All that’s to cushion the blow of the beef birria (€8.50) and confit carnitas (€8) tacos – Chubbys was already at the top end of the city’s scale for taco pricing, and these latest tweaks take things further. But that’s true for flavour as well as price point; in the low and slow overnight McLoughlin’s beef cheek, shin and brisket just as much as the copper cauldron-cooked Salters free range pork and bacon belly, there is the kind of quality, time and attention that doesn’t come cheaply. You can taste where your money's going.

Creativity costs too, and what a wallop of it in the pork rolls (€12), crisp-skinned snacks landing in the dreamscape space between chimichanga and spring roll – this is a bite that’ll stay with you for weeks, even before you get to the beautifully-balanced smoked lime and jalapeño salsa on the side. Watch on with glee as others order them around you and let out lusty sighs of delight as the deep-fried skins pour out slow roast pork juices.

Only the sharing nachos (€13.50) came up short on value. Despite their hand-cut and tajin-seasoned superiority over the usual fare, and a house cheese sauce we’d drink from the dish, the higher price and smaller portion versus the ones we loved on our trip to the truck not too long ago was a let down. A smaller snacks section option with salsa matcha and guac looked more palatable at a full €4 cheaper – it’s rare we get food envy for a smaller plate.

Chipotle and lime butter-basted corn ribs (€8.50) made amends, with a cheaper price tag and chunkier portion than our last visit. Subtly sweet, smoky flavour permeates every dripping kernel here - there’s no shame in slurping, everyone else is at it.

Sticky-sweet honey and soy chicken (€14.50) is a prime example of the new Chubbys' more varied flavour profile. The Asian influence that often streaked through 147 is on full display, with bangs of garlic, ginger and chilli to the fore in every crisp, spicy bite. Good prep goes a long way but as is ever the case with fried chicken, quality is everything – the tender taste of Rings Farm free-range birds shines.

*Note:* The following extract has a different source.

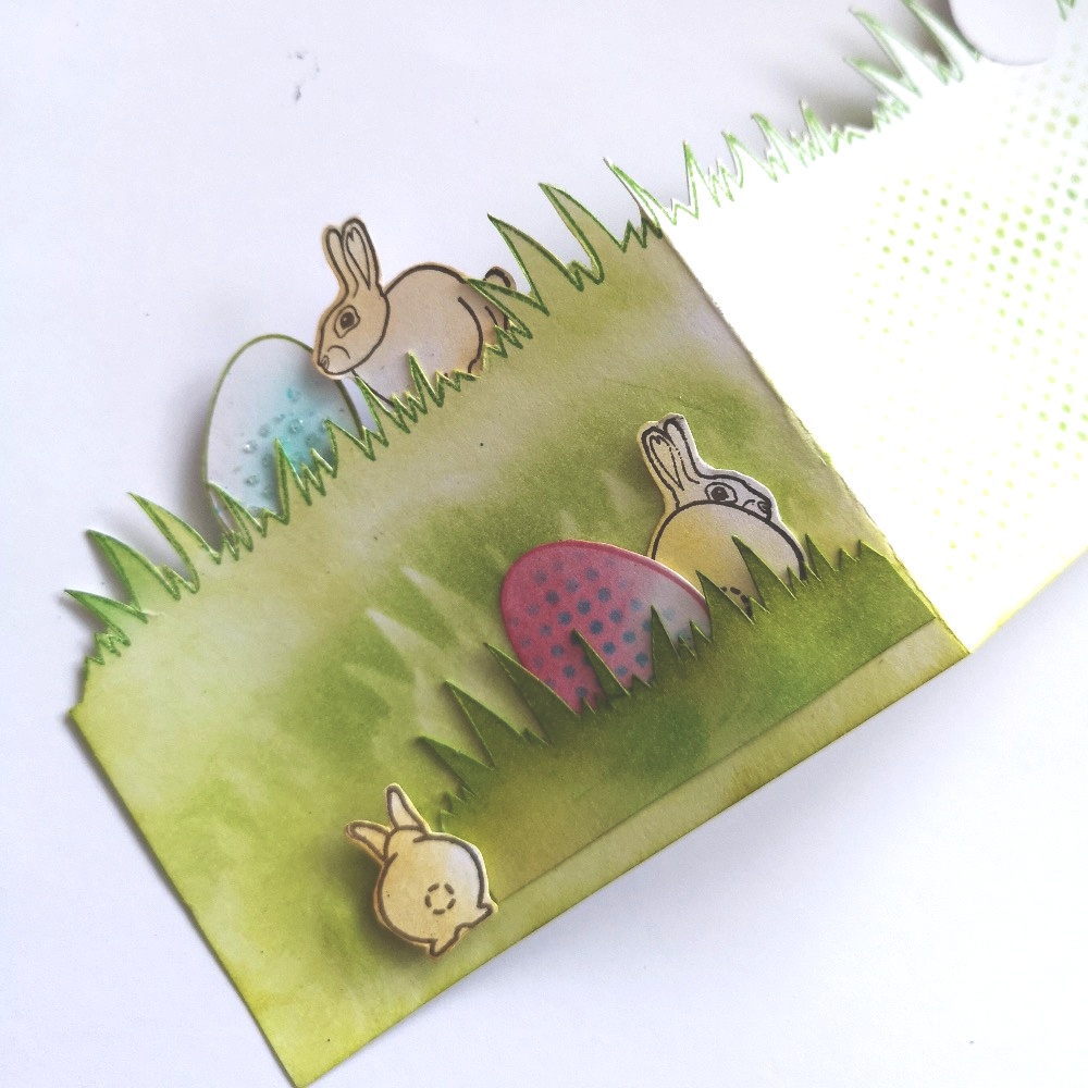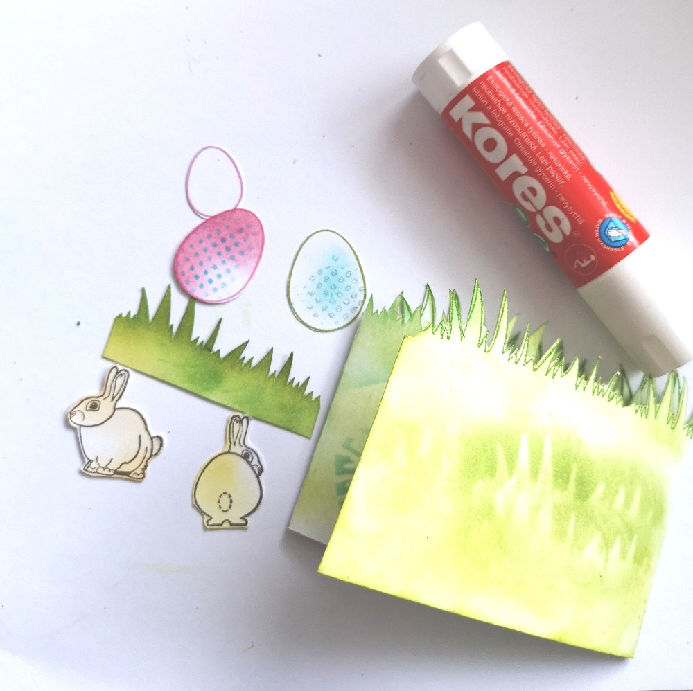 8. Vajíčka, zajíčky a beránka jemně zatónujte houbičkou a přilepte do trávy tak, aby na sebe pěkně navazovali při skládání. Nezapomeňte zabarvit i zadní stranu nalepených dekorací. Šablonu trávy použijte jako motiv na hlavní stranu. Zajíčka nalepte na 3D čtverečky.

The smoker is the crowning glory of Stephens’ new setup. We arrived intent on ordering the Jamaican jerk lamb ribs, but the sights and scents of a neighbouring table’s beef short rib (€37) caused a quick pivot. McLoughlin’s again brings the goods with dry-aged prime cuts, rubbed and smoked for ten hours to give a blackened exterior barely encasing the tender meat beneath. It slides off the bone into a peanut-textured and makrut lime leaf-scented curry that we’d bathe in given half the chance. Slow-tweaking flavours is a hallmark of Stephens’ style, and with this interplay of smoky sweet meat and softly-spiced sauce he’s hit on a primal harmony that had us enter a bliss state (see also: garlic naan for mopping).

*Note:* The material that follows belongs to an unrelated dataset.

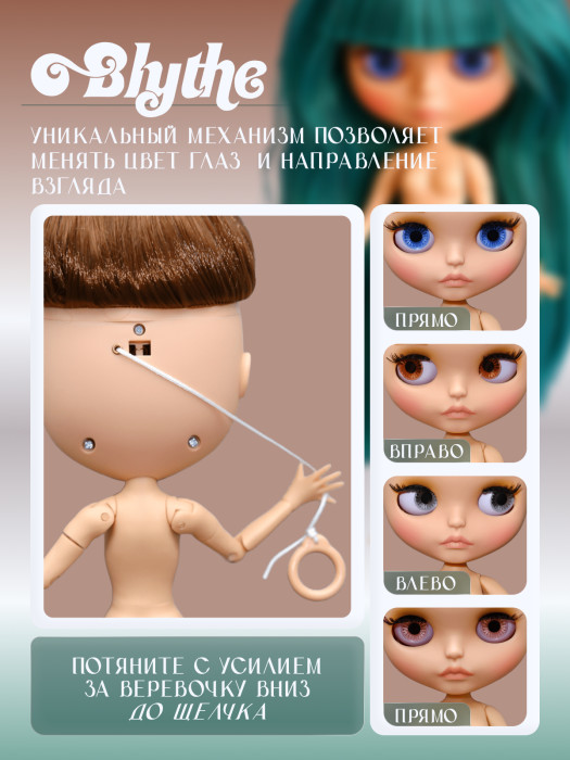 глазной механизм: 4 цвета глаз, смена цвета и направления взгляда с помощью верёвочки на затылке.
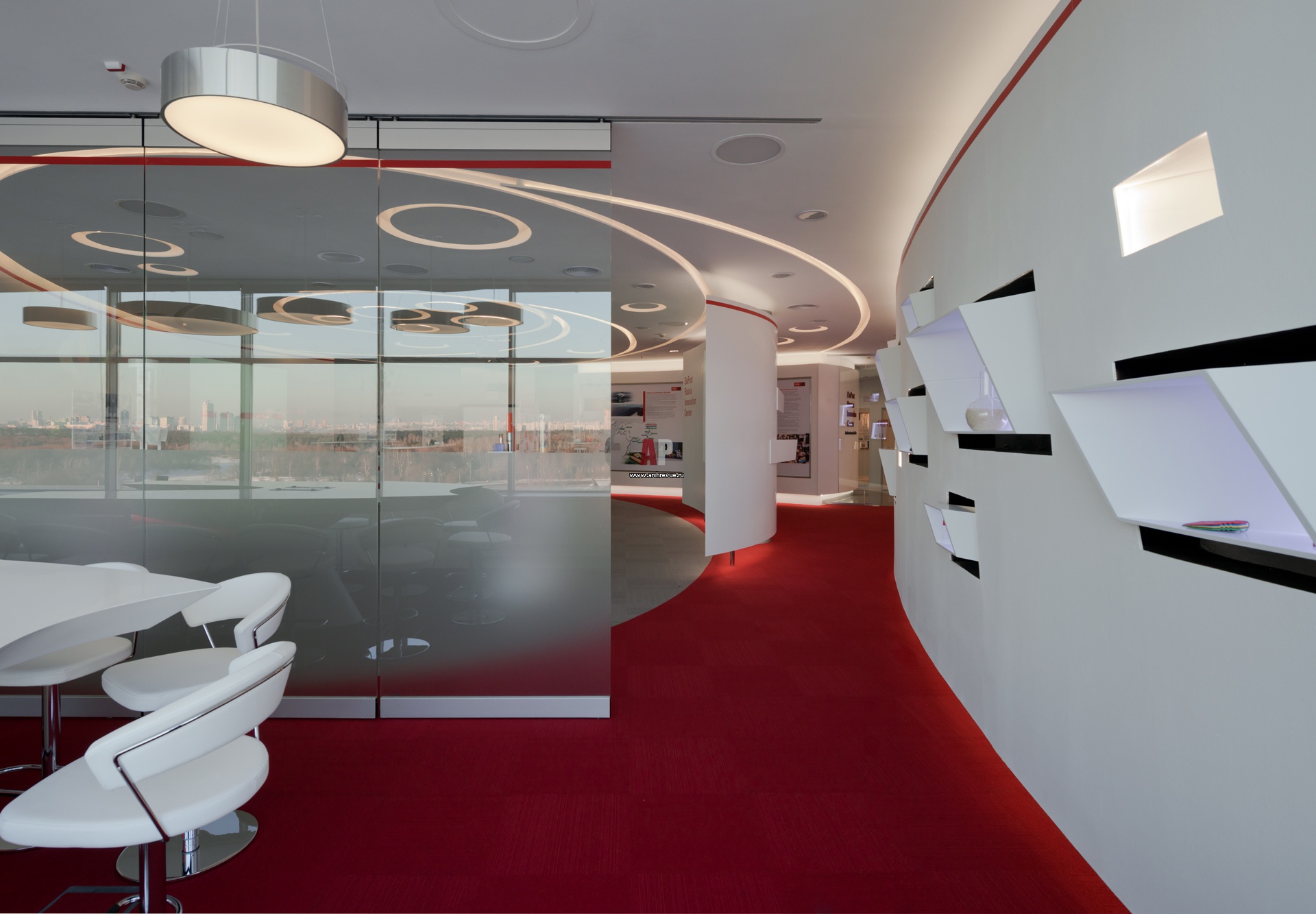 Переговорная отделена мобильной раздвижной перегородкой из стекла. На полу – ковровая плитка Desso красного цвета.

Not that we were done yet – sticky toffee spring rolls (€9.50) aren’t something we would pass on. You’d want to be confident to offer only one dessert option - they are, and have every reason to be. There’s more than a hint of baklava in the syrup-soaked, nut-sprinkled notes here, but novelty too. Like everything else at Chubbys, this is casual comfort food shot with a playful streak of energetic invention.

What are the drinks like?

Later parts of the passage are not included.